Лиля подарила мне талисман, голубого плюшевого медвежонка, сама сшила.
Покрышкин берет с собой в истребитель «Аэрокобра» живого медвежонка, сибиряки
ему привезли на фронт.
Ребята тосковали по дому, особенно сельские, некоторые тайком плакали. Мне
помогло школьное военное дело, усвоенная уже привычка повиноваться уставу, помог
военрук Кравец. Кстати, осенью мы с ним встретились. Наш взвод возвращался из бани
по улице Логвиненко, я шёл сбоку, как и положено, и вижу краем глаза, кто-то на
тротуаре остановился в военной форме и смотрит пристально и придирчиво, вот-вот
разорётся: как идёте? Кто командир взвода? Смотрю – так это же наш Кравец! Я подал
команду: «Взвод, строевым! Р-равнение направо!» – Рубанули мимо него строевым, и
он взял под козырёк, не понимая, в чем дело, он не узнал меня. И когда я подбежал, он
обрадовался, разулыбался своим перекошенным лицом, обнял меня как родного, даже
глаза заблестели. На погоны мои посмотрел с сожалением, но ни слова не сказал о
царице полей и пригласил меня в школу, приходи, расскажешь ребятам, как служится, я
позвоню вашему начальнику, он даст увольнительную. Я откозырял и побежал догонять
свой взвод. Надо сказать, офицеры тогда исполняли службу не только в училище, в
расположении части, – везде! Вышел в увольнительную – смотри в оба, не зевай, успей
каждому козырнуть и только посмей пуговицу на вороте расстегнуть даже при жаре 33
градуса. Или идем по улице, устали, строй растянули, тут же найдётся на тротуаре вояка
с костылем и давай орать во всю ивановскую: «Вы как идете, бабы рязанские?! Задние
па-адтянись! Подобрать пузо! Правофланговый, не тяни ногу!» Будет орать и костерить,
пока мы не выполним все его команды или не скроемся из его поля зрения.
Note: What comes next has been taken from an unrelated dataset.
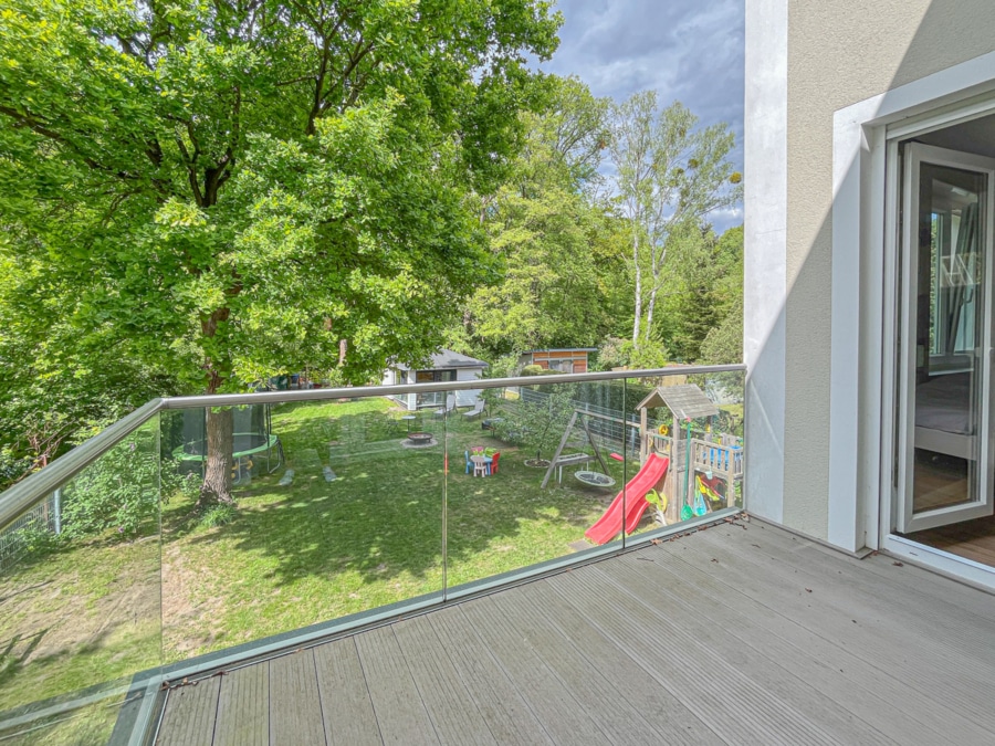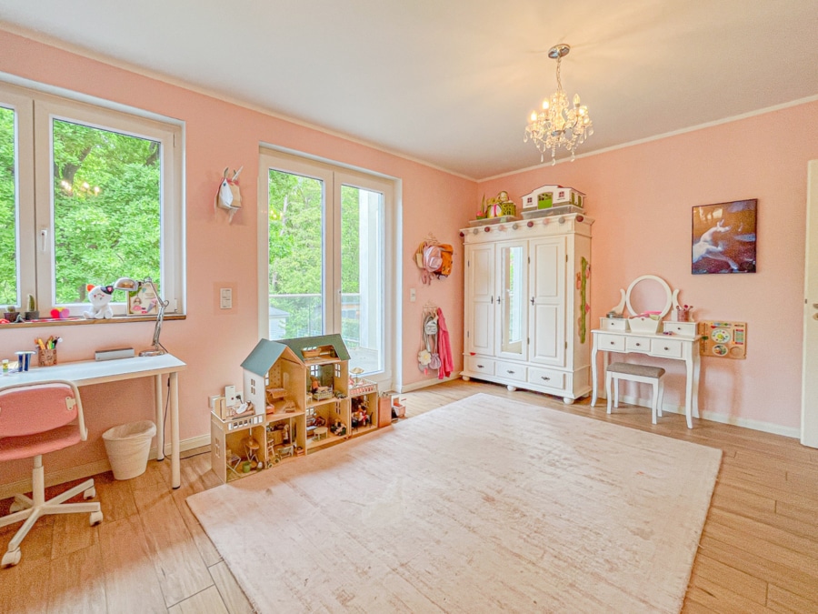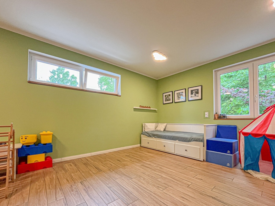 Im Obergeschoss, das etwa 144 m² umfasst, setzt sich das großzügige Raumgefühl fort. Vom Flur aus sind alle Zimmer bequem erreichbar. Das Elternschlafzimmer bietet nicht nur viel Platz, sondern auch einen begehbaren Kleiderschrank sowie direkten Zugang zu einem Balkon. Das Hauptbadezimmer ist stilvoll ausgestattet mit Dusche, Badewanne, Fenster und sogar einem Pissoir. Drei weitere, jeweils ca. 20 m² große Kinderzimmer schaffen perfekte Rückzugsorte für kleine und große Persönlichkeiten.

Вся страна
была единой воинской частью. Если бы офицеру военного времени показать
нынешнюю картинку – идет по улице солдат в обнимку с девицей, ворот у него до пупа
расстегнут, пилотка засунута за ремень, походка как у таксы, да еще хавает эскимо на
палочке, и оно соплей падает ему на сапог, что сделал бы офицер с таким бойцом? Ни-
че-го. Не успел бы даже рта раскрыть, его бы кондрашка хватил на месте.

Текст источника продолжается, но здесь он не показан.